Я потрясен, как послушник, в присутствии которого осквернили Имя Господне.

— Твой отец, — кричу, — заслуженный старый работник (и воздымаю руки к потолку). Да каждый из нас ему обязан, мы у него учимся, каждое его слово для нас — закон. Не только тебе он отец, всем он нам отец. Так пойди же и скажи ему: «Папа, прости меня, непутевую, никогда больше в жизни…».

— Да плевала я на него и на вас, будьте вы прокляты.

Она меня прерывает и удачно ставит в одну компанию со своим папочкой. И в ярости пишет заявление об уходе, и я подписываю его этим же числом, и она исчезает из моего кабинета, а через пару минут и приказ готов, и печать проставлена.

Здесь я остановлюсь и подумаю о внуках. Они же не поверят. Дотошный внук возьмет закон о труде тысяча девятьсот моего времени, перечитает параграфы и найдет, что работника можно уволить после трех выговоров, подтвержденных местным комитетом. А пьяного — так и сразу, если два свидетеля найдутся. Для чего же эти психологизмы и трюки? Не проще ли набрать три выговора (а ведь есть за что!) или за пьянку сразу? Но вот никто почему-то этого не делает. Не слышно пока о таких прецедентах. И не зря. Ибо, кто живет в стеклянном доме, не должен бросаться камнями. Оскорбленный папочка, прогульщик или лодырь напишет жалобу или анонимку! Не о себе лично, не о своем частном алкогольном случае, а принципиально, вообще о нарушении Правил. А правила мы обязательно нарушаем, и за это нам снимут голову, если кто пальцем укажет. А не нарушим Правил — дело завалится, опять голову снесут — это сказка про белого бычка.

В моем случае — еще сложнее. Мне с начальством ссориться нельзя: оно-то знает, где я нарушаю, помалкивает до времени, зачем ему губить меня понапрасну? А у него тоже начальство есть наверху. И ему с ними тоже ссориться нельзя. Закольцовано это дело, кругом шестнадцать. Равновесие установилось! Правила еще можно нарушить, а вот Равновесие нарушить нельзя, все завалится.

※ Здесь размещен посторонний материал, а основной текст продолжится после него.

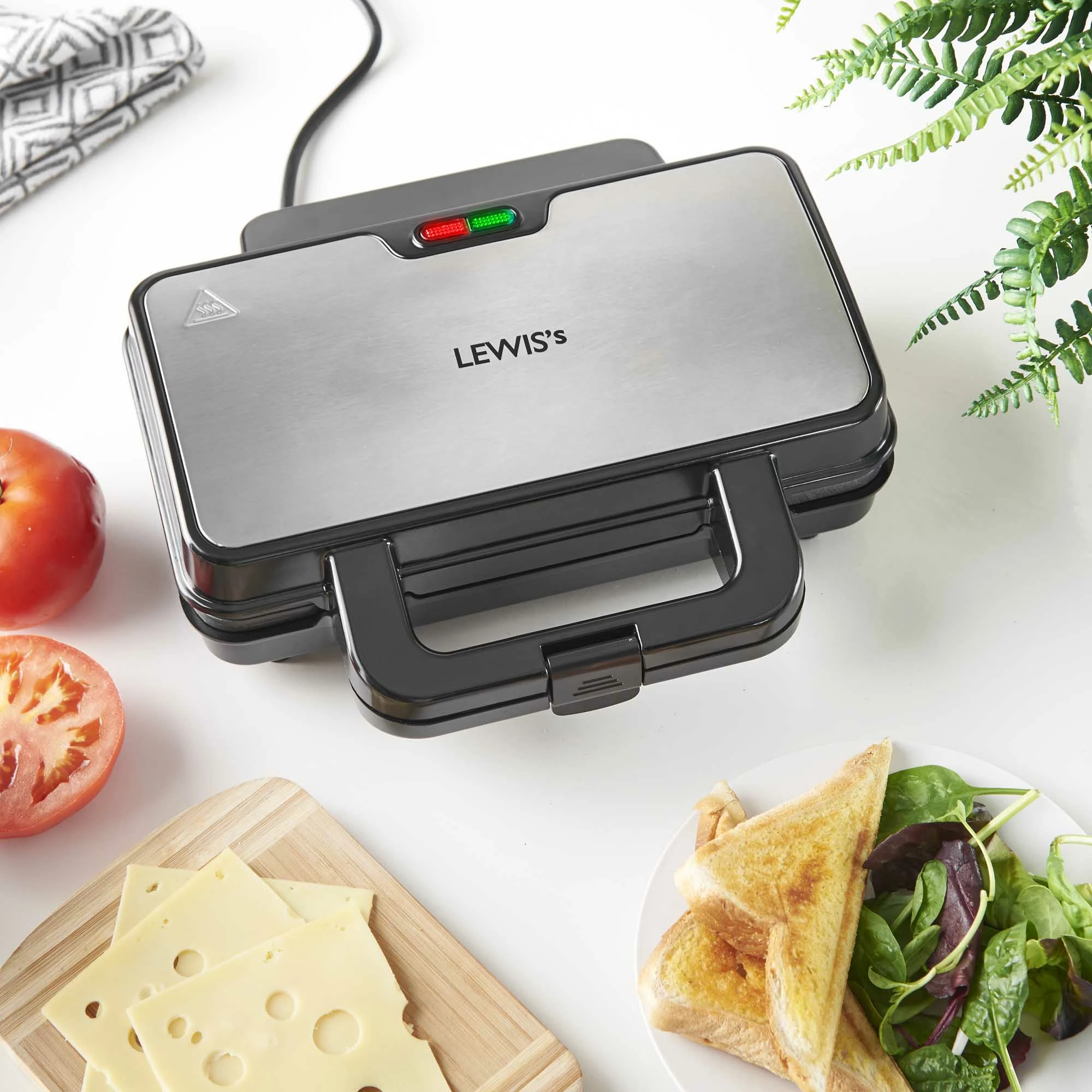 Lewis’s Sandwich Maker is great for creating four perfectly cooked crisp triangles in minutes. It comes with deep fill non-stick plates for easy cleaning.

История моя, кстати, на этом не закончилась. На следующий день после добровольного ухода медсестры Медведевой вызывает меня мой начальник и категорически приказывает восстановить ее на работе. Он посмотрел многозначительно, сказал: «Оттуда требуют» и показал пальцем на потолок. У верующих когда-то было Небо. У нас — потолок. Иной раз берем с потолка: цифры, факты и разное. Хулиганку, аферистку, пьянчугу Медведеву нужно восстанавливать. А ведь не хочется, больных жалко, и авторитет мой страдает. Еду от шефа, комбинации в голове играю. И выхода, вроде бы, нет. А все же пробовать надо. Осторожно так, на ощупь. Вызываю Медведеву к себе. Она торжествует, сияет радостью и местью. Звоню папочке. А тот уже к разговору готов. И говорит мне то, что уже, видимо, и шефу сказать успел. Он говорит, что я несу персональную ответственность за моральный облик моих подчиненных — на то и руководитель. И для меня это будет очень просто и легко, если каждого оступившегося я с работы выброшу. Себе я жизнь облегчу, но будет это не по-нашему, не по государственному. Ибо куда же денется этот уволенный? Он же от того не исправится, а наоборот, утвердится в своих безобразиях, и ему будет еще хуже, и общество пострадает. Нет, я не должен идти таким легким путем. А должен перевоспитать безобразника, найти путь к его сердцу, взять под контроль, работать с ним упорно, настойчиво, а если ничего не получится — с меня же и спросят по всей строгости.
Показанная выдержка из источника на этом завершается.